Data extract section start

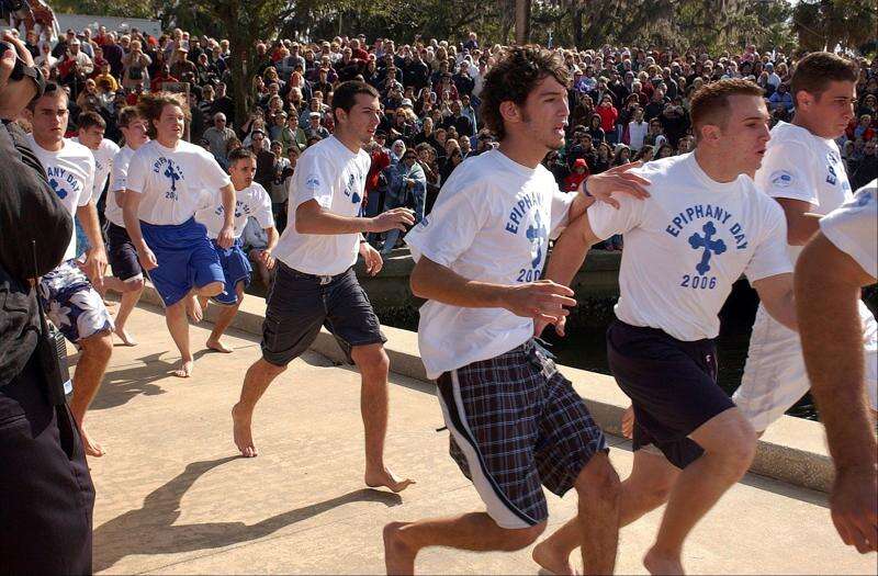 TARPON SPRINGS, Fla. — In a spectacle repeated every Jan. 6 for more than a century, dozens of teenage boys set out from the stately Greek Orthodox cathedral in this Florida Gulf Coast town to seek God's blessing in the chilly waters of a bayou several blocks away.
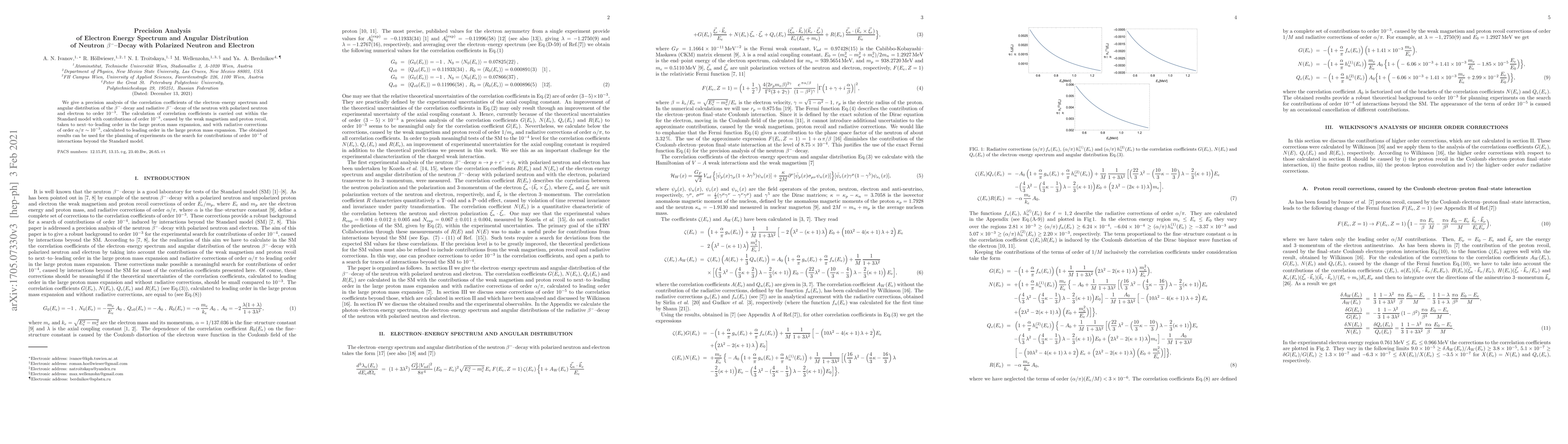 This paper provides a high-precision analysis of neutron beta decay, focusing on the electron energy spectrum and angular distribution with polarized particles, calculated to order 10^(-3). The study incorporates weak magnetism and proton recoil effects, aiming to guide future experiments searching for beyond-Standard-Model interactions at the order of 10^(-4).
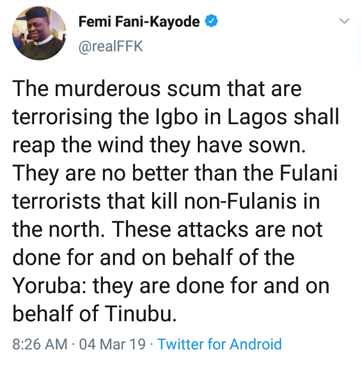 Fani Kayode on his Twitter page on Monday described those terrorizing Igbos as ‘murderous scum’.
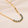 | Collar de acero inoxidable chapado en oro de 18 quilates para mujer, muy vendido en Europa y América, collar de acero de titanio con turquesa con incrustaciones de celebridades de Internet, cadena de clavícula resistente a la decoloración. |

Data extract section end

Assignment —
Print every line of the material above exactly as it reads, skipping the pictures.

Result —
 TARPON SPRINGS, Fla. — In a spectacle repeated every Jan. 6 for more than a century, dozens of teenage boys set out from the stately Greek Orthodox cathedral in this Florida Gulf Coast town to seek God's blessing in the chilly waters of a bayou several blocks away.
 This paper provides a high-precision analysis of neutron beta decay, focusing on the electron energy spectrum and angular distribution with polarized particles, calculated to order 10^(-3). The study incorporates weak magnetism and proton recoil effects, aiming to guide future experiments searching for beyond-Standard-Model interactions at the order of 10^(-4).
 Fani Kayode on his Twitter page on Monday described those terrorizing Igbos as ‘murderous scum’.
 | Collar de acero inoxidable chapado en oro de 18 quilates para mujer, muy vendido en Europa y América, collar de acero de titanio con turquesa con incrustaciones de celebridades de Internet, cadena de clavícula resistente a la decoloración. |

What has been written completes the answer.